Isn't that what patch #2 is doing?... There are few bugs in the
implementation currently, but it will work in the final version.

>
> > We need to consider, though, if CAP_DAC_OVERRIDE is something that can
> > be disabled for majority of real-life applications to prevent them
> > from doing this. If every realistic application has/needs
> > CAP_DAC_OVERRIDE, then that's essentially just saying that anyone can
> > get writable bpf_link and do anything with it.
>
> I poked around a bit, and looking at the sandboxing configurations
> shipped with various daemons in their systemd unit files, it appears
> that the main case where daemons are granted CAP_DAC_OVERRIDE is if they
> have to be able to read /etc/shadow (which is installed as chmod 0).
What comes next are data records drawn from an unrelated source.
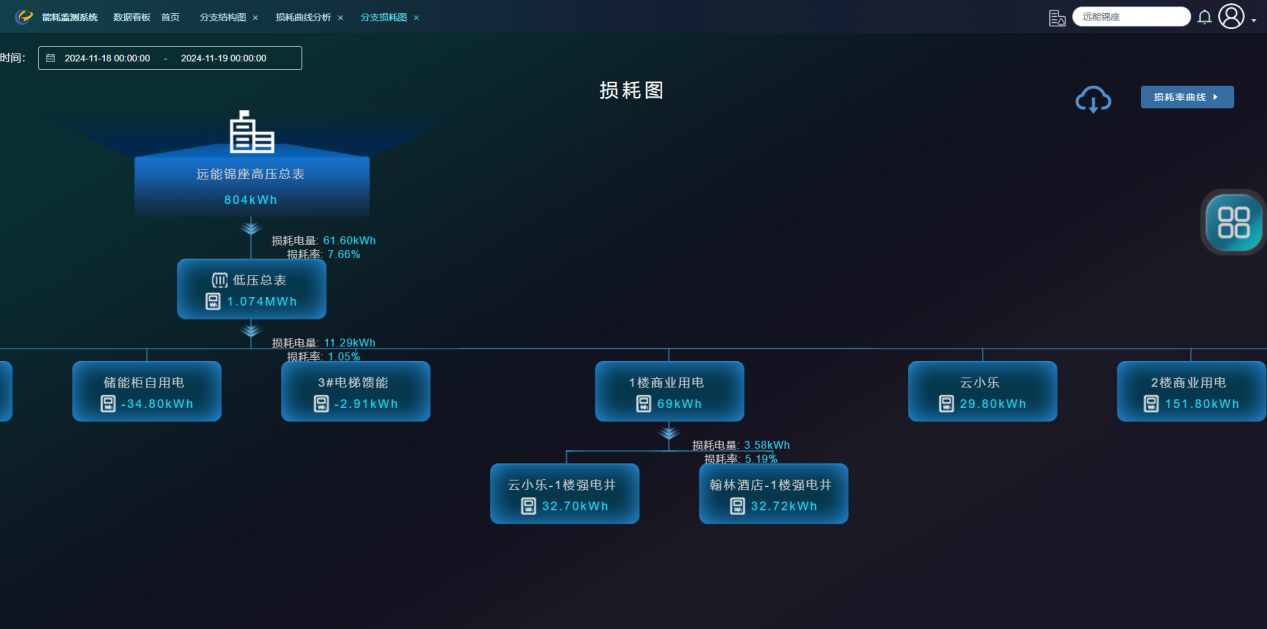 3) 根据能源拓扑图,构建损耗拓扑图,自动计算各级损耗,做小时级的损耗分析;
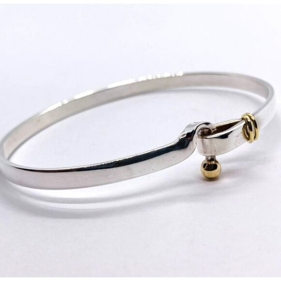 Tiffany & Co Vintage 925 750 18k Hook Bangle Bracelet 7"
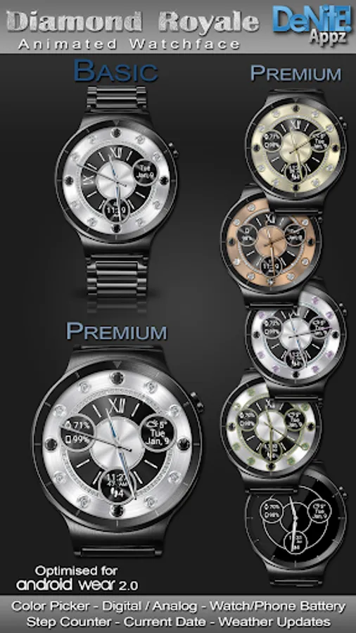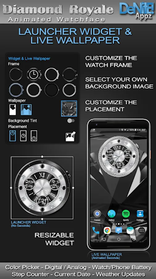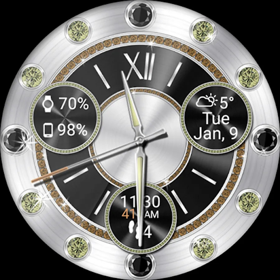 This completely customizable interactive HD Wear OS Watch Face, Clock Widget & Live Wallpaper brings a classic elegance to your wrist and Launcher. With realistic reflections that respond to the way you move your wrist or mobile device in real time you will be sure to catch the eye of every onlooker! Features include custom complications, battery levels, weather conditions, step counter, color picker & date information. A settings app will also be installed on your mobile device to configure the watch face for any look you desire. Select any color and create a completely custom look for yourself! Don't have a Wear OS watch? No Problem! You can use the clock widget or Live Wallpaper on your launcher!

If
> this is really the case, that would indicate it's not a widely needed
> capability; but I wouldn't exactly say that I've done a comprehensive
> survey, so probably a good idea for you to check your users as well :)
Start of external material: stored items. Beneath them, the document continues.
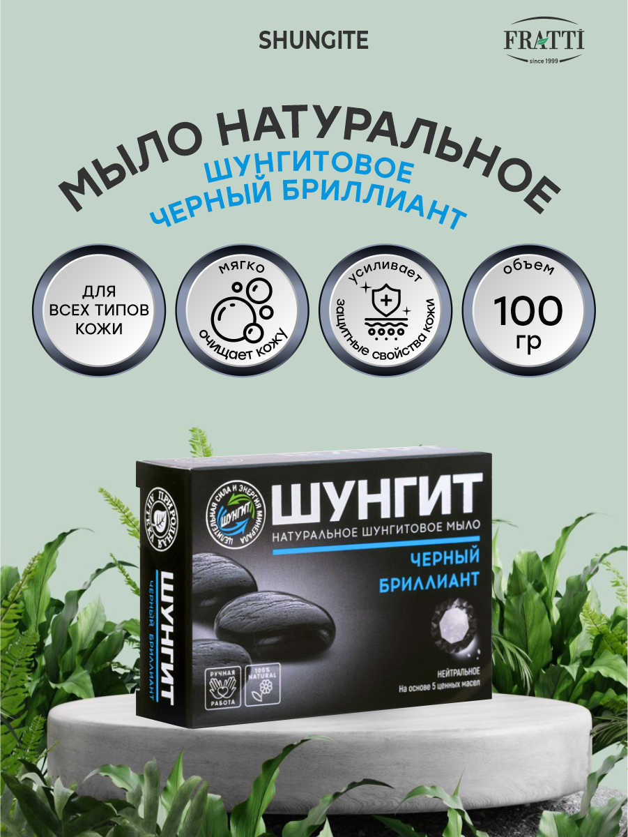 Шунгит Натуральное шунгитовое мыло «Черный бриллиант», 100г интересное:
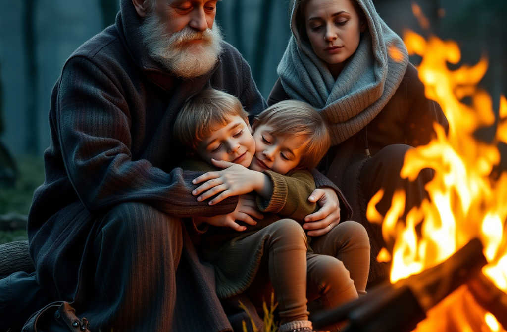 Ночью мальчик дрожал от звуков леса, но держал деда рядом, укрывшись лапником. Когда огонь стал гаснуть, он героически встал и подкинул дров:
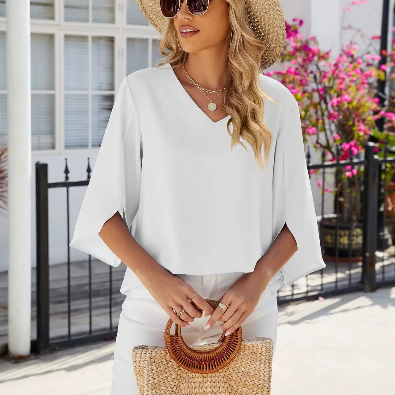 Chemisier Flottant à Col V & Manches Fendues

Right, it might not be possible to drop it for all applications right
away, but at least CAP_DAC_OVERRIDE is not CAP_SYS_ADMIN, which is
absolutely necessary to work with BPF.

>
> -Toke
>
Toke Høiland-Jørgensen April 8, 2020, 9:21 p.m. UTC | #5
Andrii Nakryiko <andrii.nakryiko@gmail.com> writes:

> On Wed, Apr 8, 2020 at 8:14 AM Toke Høiland-Jørgensen <toke@redhat.com> wrote:
>>
>> Andrii Nakryiko <andrii.nakryiko@gmail.com> writes:
>>
>> > On Mon, Apr 6, 2020 at 4:34 AM Toke Høiland-Jørgensen <toke@redhat.com> wrote:
>> >>
>> >> Andrii Nakryiko <andriin@fb.com> writes:
>> >>
>> >> > Add support to look up bpf_link by ID and iterate over all existing bpf_links
>> >> > in the system. GET_FD_BY_ID code handles not-yet-ready bpf_link by checking
>> >> > that its ID hasn't been set to non-zero value yet. Setting bpf_link's ID is
>> >> > done as the very last step in finalizing bpf_link, together with installing
>> >> > FD. This approach allows users of bpf_link in kernel code to not worry about
>> >> > races between user-space and kernel code that hasn't finished attaching and
>> >> > initializing bpf_link.
>> >> >
>> >> > Further, it's critical that BPF_LINK_GET_FD_BY_ID only ever allows to create
>> >> > bpf_link FD that's O_RDONLY. This is to protect processes owning bpf_link and
>> >> > thus allowed to perform modifications on them (like LINK_UPDATE), from other
>> >> > processes that got bpf_link ID from GET_NEXT_ID API. In the latter case, only
>> >> > querying bpf_link information (implemented later in the series) will be
>> >> > allowed.
>> >>
>> >> I must admit I remain sceptical about this model of restricting access
>> >> without any of the regular override mechanisms (for instance, enforcing
>> >> read-only mode regardless of CAP_DAC_OVERRIDE in this series). Since you
>> >> keep saying there would be 'some' override mechanism, I think it would
>> >> be helpful if you could just include that so we can see the full
>> >> mechanism in context.
>> >
>> > I wasn't aware of CAP_DAC_OVERRIDE, thanks for bringing this up.
>> >
>> > One way to go about this is to allow creating writable bpf_link for
>> > GET_FD_BY_ID if CAP_DAC_OVERRIDE is set. Then we can allow LINK_DETACH
>> > operation on writable links, same as we do with LINK_UPDATE here.
>> > LINK_DETACH will do the same as cgroup bpf_link auto-detachment on
>> > cgroup dying: it will detach bpf_link, but will leave it alive until
>> > last FD is closed.
>>
>> Yup, I think this would be a reasonable way to implement the override
>> mechanism - it would ensure 'full root' users (like a root shell) can
>> remove attachments, while still preventing applications from doing so by
>> limiting their capabilities.
>
> So I did some experiments and I think I want to keep GET_FD_BY_ID for
> bpf_link to return only read-only bpf_links.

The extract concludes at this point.